(Recorded information):
· · · ·

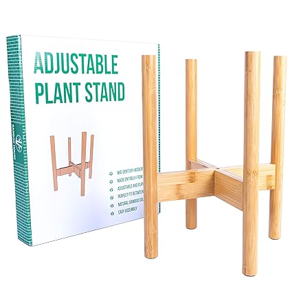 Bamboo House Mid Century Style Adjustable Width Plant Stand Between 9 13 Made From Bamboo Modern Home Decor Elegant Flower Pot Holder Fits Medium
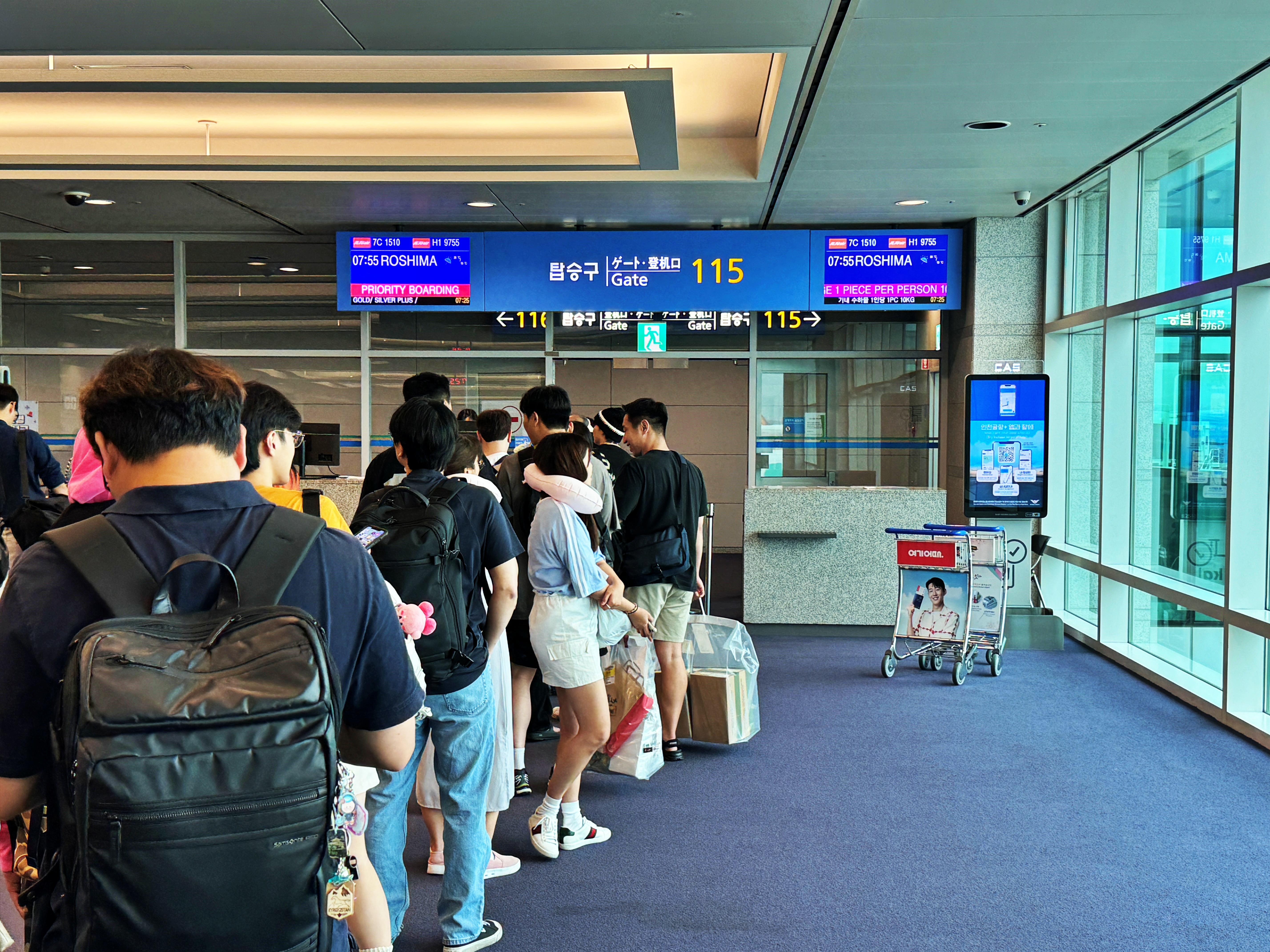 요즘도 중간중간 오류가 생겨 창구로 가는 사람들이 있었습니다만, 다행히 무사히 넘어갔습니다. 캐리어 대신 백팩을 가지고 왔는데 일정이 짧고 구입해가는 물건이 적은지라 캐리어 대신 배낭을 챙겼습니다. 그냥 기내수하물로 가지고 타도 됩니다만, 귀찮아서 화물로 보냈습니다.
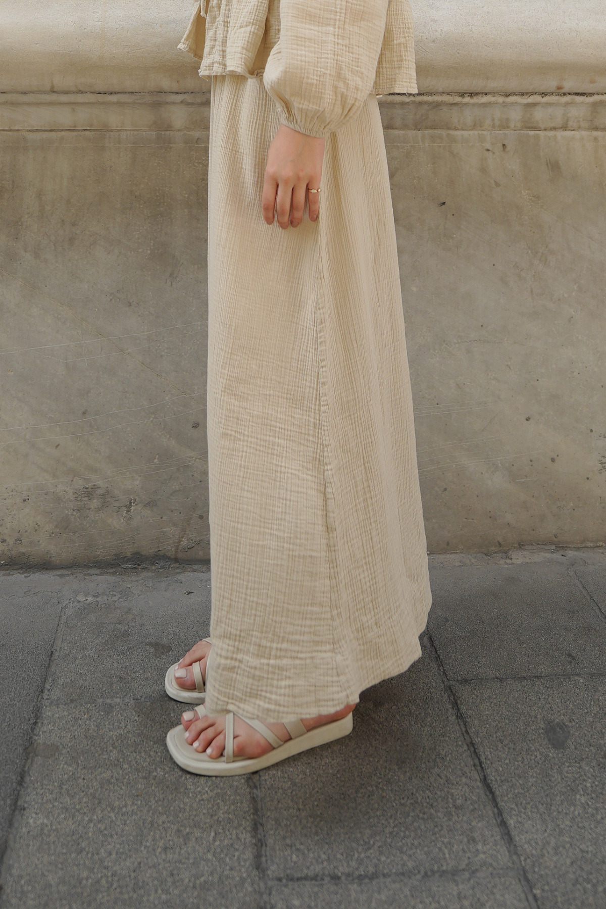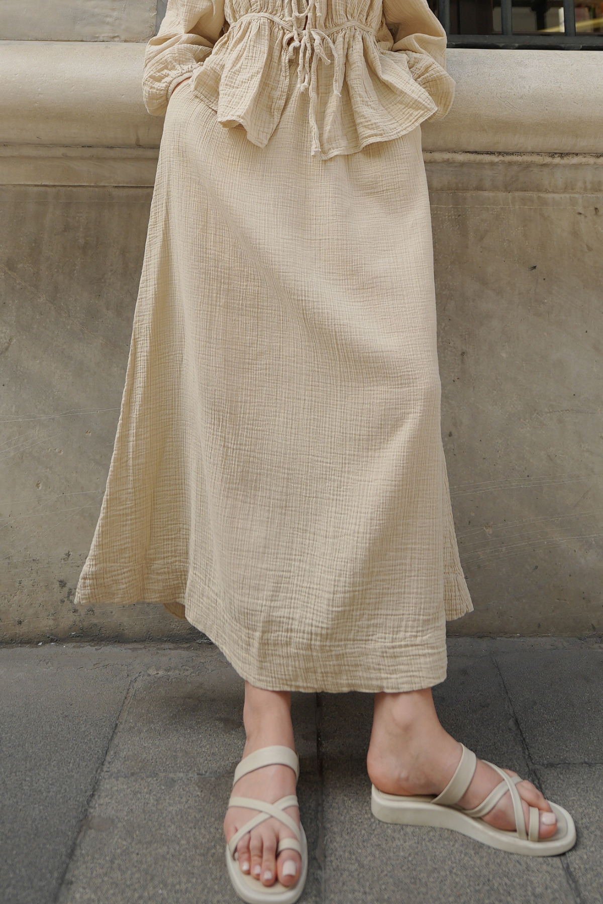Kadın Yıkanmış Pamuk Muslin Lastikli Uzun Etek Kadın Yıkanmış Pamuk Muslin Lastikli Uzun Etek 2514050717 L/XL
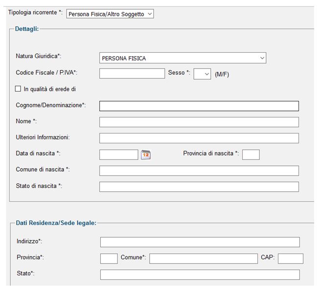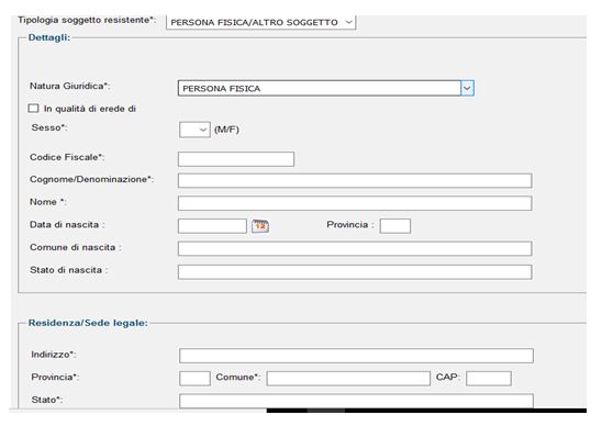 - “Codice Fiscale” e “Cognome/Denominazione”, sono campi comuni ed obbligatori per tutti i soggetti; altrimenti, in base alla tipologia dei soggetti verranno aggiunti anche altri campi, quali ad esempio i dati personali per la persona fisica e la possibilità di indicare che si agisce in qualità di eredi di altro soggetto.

· · · ·

(Task statement):
The full listing above, duplicated exactly and without its pictures, is the answer.

(Task solution):
 Bamboo House Mid Century Style Adjustable Width Plant Stand Between 9 13 Made From Bamboo Modern Home Decor Elegant Flower Pot Holder Fits Medium
 요즘도 중간중간 오류가 생겨 창구로 가는 사람들이 있었습니다만, 다행히 무사히 넘어갔습니다. 캐리어 대신 백팩을 가지고 왔는데 일정이 짧고 구입해가는 물건이 적은지라 캐리어 대신 배낭을 챙겼습니다. 그냥 기내수하물로 가지고 타도 됩니다만, 귀찮아서 화물로 보냈습니다.
Kadın Yıkanmış Pamuk Muslin Lastikli Uzun Etek Kadın Yıkanmış Pamuk Muslin Lastikli Uzun Etek 2514050717 L/XL
 - “Codice Fiscale” e “Cognome/Denominazione”, sono campi comuni ed obbligatori per tutti i soggetti; altrimenti, in base alla tipologia dei soggetti verranno aggiunti anche altri campi, quali ad esempio i dati personali per la persona fisica e la possibilità di indicare che si agisce in qualità di eredi di altro soggetto.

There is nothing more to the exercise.